▶ Task:
From the material below, please set down exactly the lines starting with the one with "2020年2月13日,世博高" and going on through the one with "男性向けラノベタイトル風あだ名 | 『Re:めいみーから始める異世界生活』 |", without a single picture.

▶ Data records:
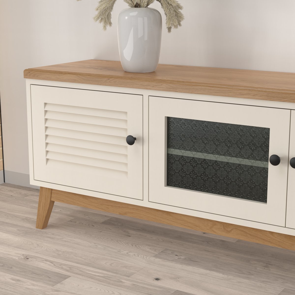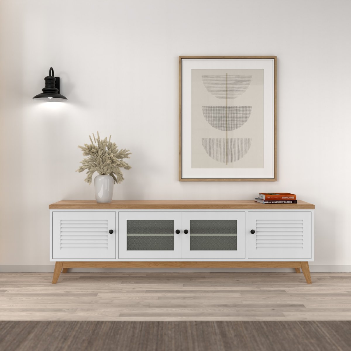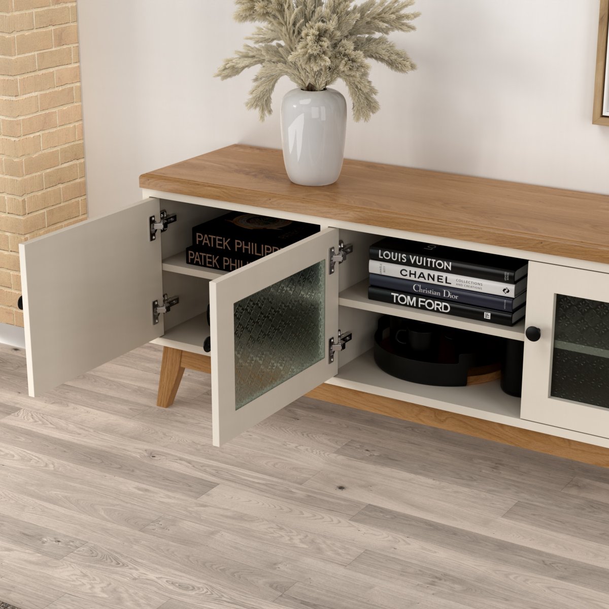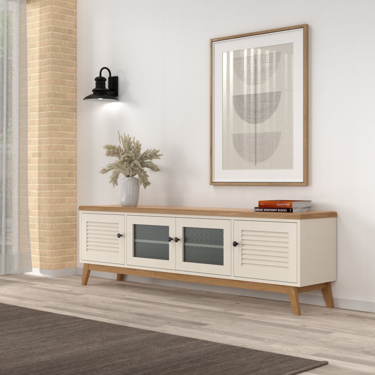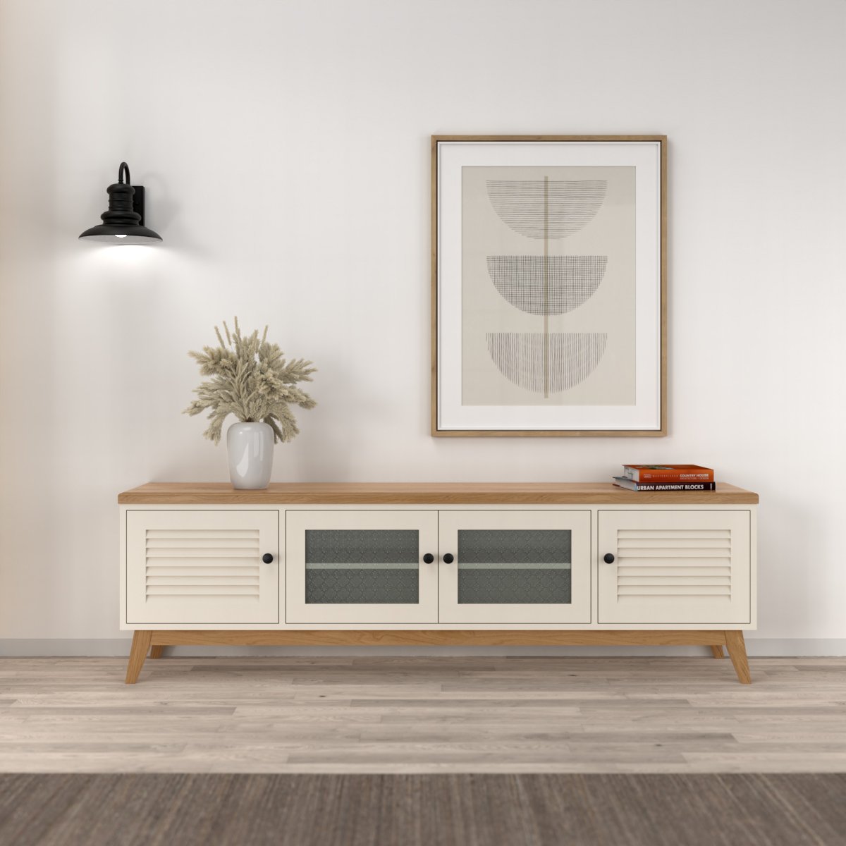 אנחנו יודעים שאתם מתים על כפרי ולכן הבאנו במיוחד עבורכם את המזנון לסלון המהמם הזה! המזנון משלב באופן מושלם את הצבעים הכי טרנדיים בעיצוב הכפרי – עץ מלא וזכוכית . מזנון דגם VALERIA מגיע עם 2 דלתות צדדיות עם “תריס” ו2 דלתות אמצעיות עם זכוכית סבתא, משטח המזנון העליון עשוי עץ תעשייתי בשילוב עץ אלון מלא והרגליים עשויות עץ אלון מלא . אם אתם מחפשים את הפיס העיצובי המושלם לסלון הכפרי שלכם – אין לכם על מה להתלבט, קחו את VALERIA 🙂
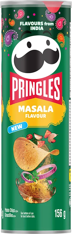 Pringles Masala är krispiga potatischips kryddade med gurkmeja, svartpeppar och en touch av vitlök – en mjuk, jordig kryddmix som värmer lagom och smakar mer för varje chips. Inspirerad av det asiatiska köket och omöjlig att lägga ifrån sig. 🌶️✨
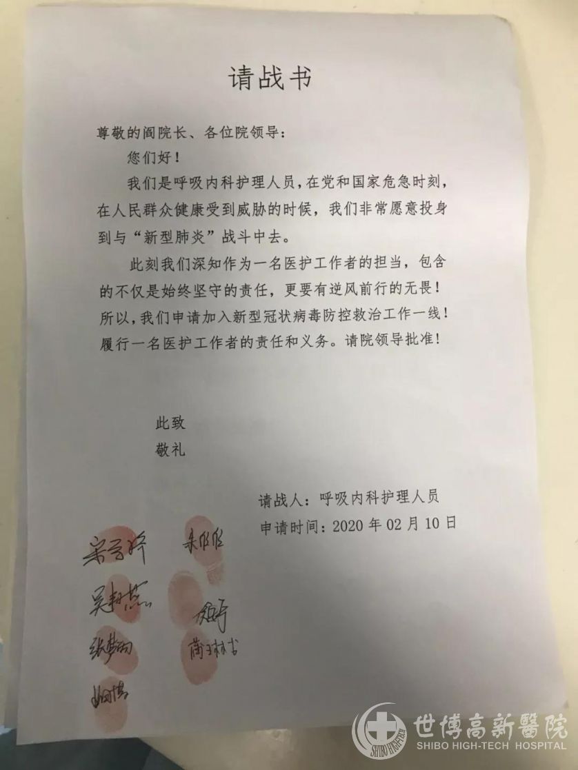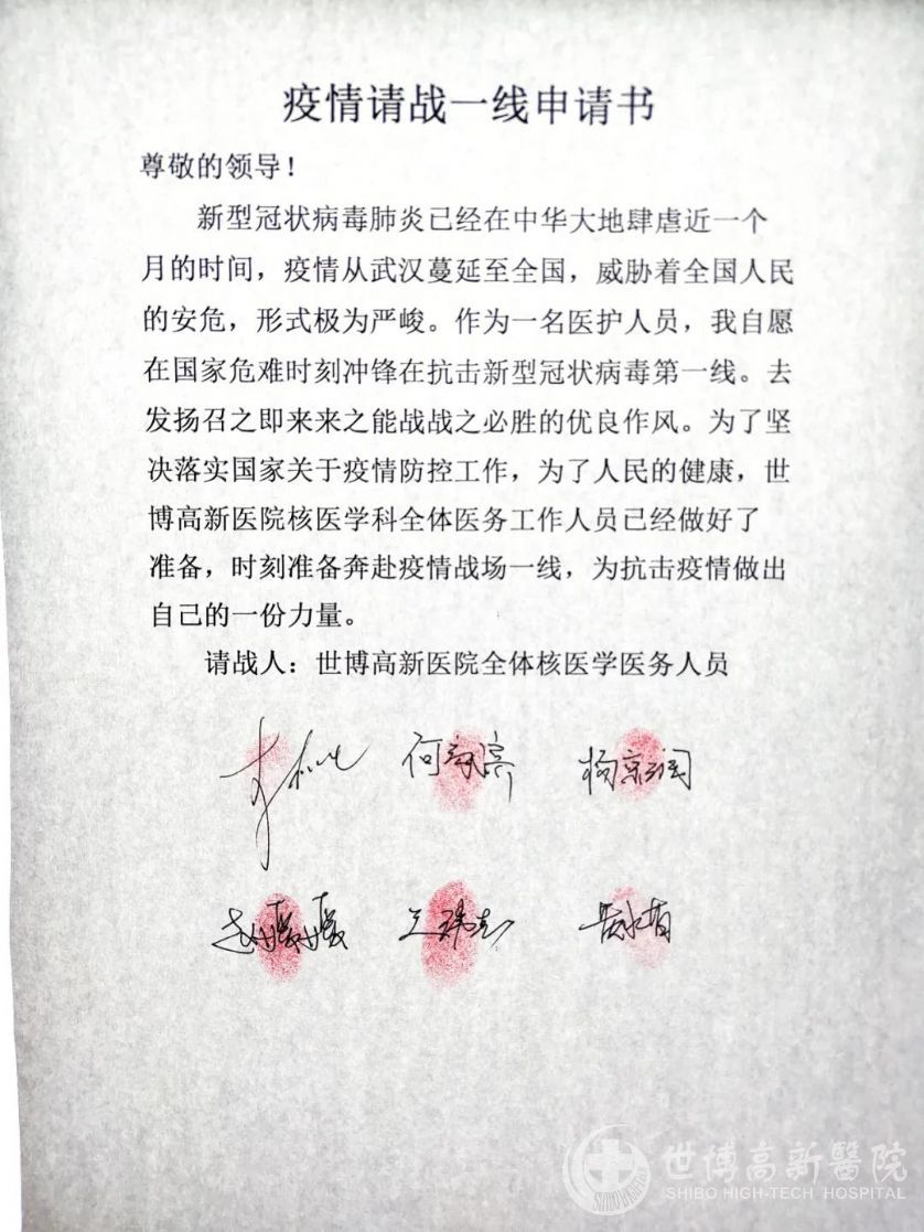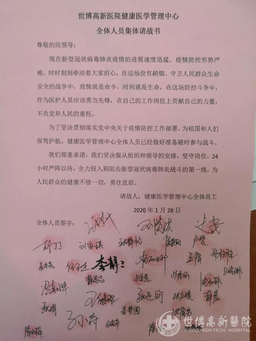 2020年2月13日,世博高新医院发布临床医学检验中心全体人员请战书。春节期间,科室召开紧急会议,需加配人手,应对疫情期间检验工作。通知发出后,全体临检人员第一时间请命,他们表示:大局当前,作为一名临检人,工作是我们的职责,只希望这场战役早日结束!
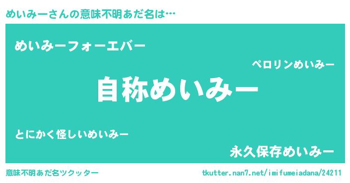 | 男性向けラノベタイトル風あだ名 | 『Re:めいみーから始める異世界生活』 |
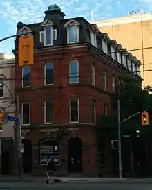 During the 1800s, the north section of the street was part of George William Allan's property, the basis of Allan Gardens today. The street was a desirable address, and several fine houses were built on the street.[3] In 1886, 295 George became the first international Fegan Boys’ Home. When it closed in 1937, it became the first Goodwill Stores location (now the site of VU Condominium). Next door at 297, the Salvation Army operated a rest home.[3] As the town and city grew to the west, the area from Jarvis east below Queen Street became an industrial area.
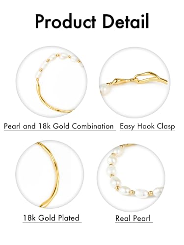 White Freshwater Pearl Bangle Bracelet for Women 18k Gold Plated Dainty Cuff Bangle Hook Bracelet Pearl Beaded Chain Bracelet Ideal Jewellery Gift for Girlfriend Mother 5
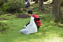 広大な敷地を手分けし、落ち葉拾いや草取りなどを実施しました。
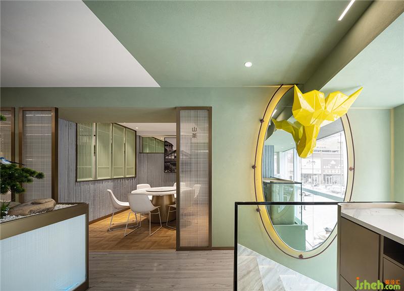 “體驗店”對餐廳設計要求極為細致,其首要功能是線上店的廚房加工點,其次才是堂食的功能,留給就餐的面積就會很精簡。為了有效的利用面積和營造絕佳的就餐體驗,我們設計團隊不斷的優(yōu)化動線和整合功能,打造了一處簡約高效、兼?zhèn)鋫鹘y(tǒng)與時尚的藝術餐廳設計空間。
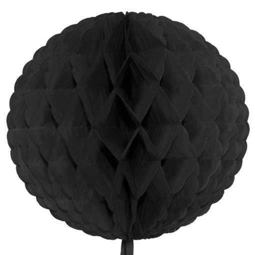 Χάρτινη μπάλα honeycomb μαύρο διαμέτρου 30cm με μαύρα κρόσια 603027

▶ Answer to this task:
 2020年2月13日,世博高新医院发布临床医学检验中心全体人员请战书。春节期间,科室召开紧急会议,需加配人手,应对疫情期间检验工作。通知发出后,全体临检人员第一时间请命,他们表示:大局当前,作为一名临检人,工作是我们的职责,只希望这场战役早日结束!
 | 男性向けラノベタイトル風あだ名 | 『Re:めいみーから始める異世界生活』 |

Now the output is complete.